One of journalism’s most effective tools, “follow the money” empowers journalism, especially in areas such as corruption, the use of grants/aid funds, public policies and rare disease support programs. This tool enables journalists to answer the questions “where does the money really go, who benefits, who is left out?” in relation to policy or promised support.
In her investigation into India’s rare disease policy, journalist Rupsa Chakraborty has uncovered a deep gap between the promises on paper and the reality on the ground. The rare disease policy, which came into force in 2021, promised patients support of up to 50 lakh rupees (about 60 thousand dollars). However, Chakraborty found through documents obtained through an access to information request that only about 30 percent of the budget allocated reached patients, while the rest remained unused.
Patients with severe genetic diseases such as SMA, Gaucher, Pompe, Fabry and MPS, who need a lifetime of costly treatments, have suffered the most.
Children whose treatment is cut off because funding stops flowing develop irreversible organ damage, and some die during the waiting period. Chakraborty says many families have been forced to sell their land, savings or gold to sustain treatment.
The Indian government does not keep a centralized record of how many applications have been made or how many children are awaiting funding and incomplete treatment, leading to a critical data gap that exacerbates the problem.
Chakraborty’s account shows that persistence is essential for journalists investigating rare disease policy. Despite submitting around 10 Freedom of Information requests, she received only three responses.
As Chakraborty emphasizes, it is critical for journalists working in this field to relentlessly repeat their applications for access to information, to use appeal mechanisms when bureaucratic obstacles are encountered, and to establish a relationship of trust with physicians working in the field to access documents behind closed doors. Because when it comes to rare diseases, the truth can only be reached through persistence, data and recording testimonies in the field.

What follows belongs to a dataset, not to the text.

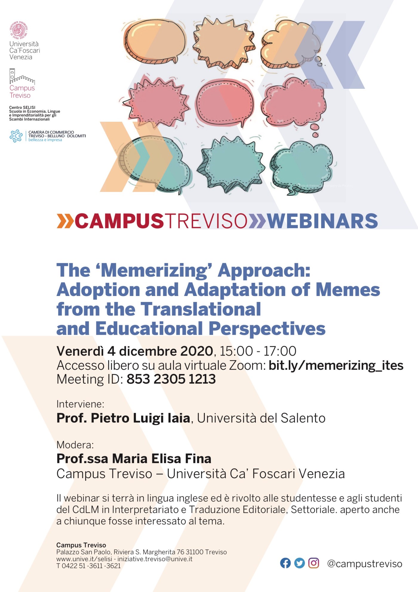 L’accesso è libero, il link per collegarsi su zoom è: bit.ly/memerizing_ites

Rare diseases are one of the most critical challenges not only for medicine but also for journalism. Diagnostic delays, costly treatments and policy gaps can only come to light through persistent research and by making invisible lives visible. Health and science journalism plays a vital role in this field, both as a means of holding people to account and as a voice for patients. Therefore, covering rare diseases is not just a matter of news production; it is also an ethical space where public responsibility, human stories and scientific truths intersect.